Social media in 2014 is going to transform how doctors and patients interact with each other. For example, doctors will increasingly use options such as Google Hangouts, as an innovative economical way for them to deploy technology to connect with patients and set standards for a transparent, patient-centric model of healthcare that helps them capture and resolve patient issues and increase loyalty and satisfaction. These social media strategies open the communication channels with patients and enable feedback and better service.

Population health: The ongoing systematic collection, analysis, and interpretation of data, closely integrated with the timely dissemination of this data to those responsible for preventing and controlling various disease will be another hot button in the health care world of 2014. Enabling tools are available that allow researchers to aggregate information from multiple sources to track disease clusters in real time.  More disease surveillance programs that identify and take actions on outbreaks for strep, whooping cough and bacterial meningitis, hepatitis and many other diseases will emerge this year.  Additionally doctors will be doing a lot more with data analytics that come from genetic and genomic testing as the costs go down and the ability to identify specific genome markers becomes more widespread.

In the hospital, Accountable Care (ACO) will continue to be the watchword. ACOs are groups of doctors, hospitals, and other health care providers, who come together voluntarily to foster payment and care delivery models that seek to tie provider reimbursements to quality metrics and reductions in the total cost of care for an assigned population of patients.
In 2014 hospitals will also increase their use of wireless sensing, radio frequency identification (RFID) and near-field communication (NFC), barcodes that help these institutions move toward safer, more efficient and intelligent hospitals. Near field communication (NFC) is a set of standards for smartphones and similar devices to establish radio communication with each other by touching them together or bringing them into proximity, usually no more than a few inches.

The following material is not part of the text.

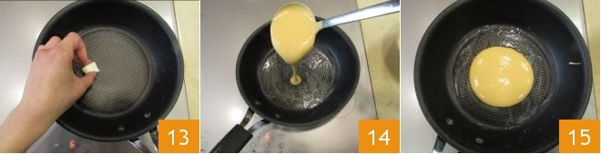 Grease a non-stick pan with a little butter 13 and heat it on the stove. Once it's hot, pour a ladle of batter 14; it will spread on its own, creating the classic pancake shape 15.

Retail Clinics and Health Kiosks will get a boost in 2014. Retail clinics, typically are located in pharmacies or in shopping malls, offer quick easy access to patients for treatment of colds, flu, sore throats, minor cuts and bruises, monitoring of blood pressure and blood sugar, injections  and other medical conditions that can be treated on the spot and generally cost no more than a  co-pay. Retail Clinics are generally open during evening and weekend hours when patients have very little choice about where to go for treatment if they do not want to go through the hassle and high cost of the emergency department. Many payers will now cover treatment delivered by a Retail Clinic.
Kiosks that are in pharmacies and shopping malls, airports etc. enable people to get basic vital signs read and allow them to connect with an online doctor for quick advice about a medical condition at a low price point.

In spite of the many problems that continue to plague U.S. healthcare, in 2014 we will move toward a more connected system where technology will enable patients and providers to communicate more effectively to achieve better results.  The hope is that we do not lose sight, this year, of the urgent need to use these same technology advances to educate and support our consumer populations so they better understand their care delivery options and costs.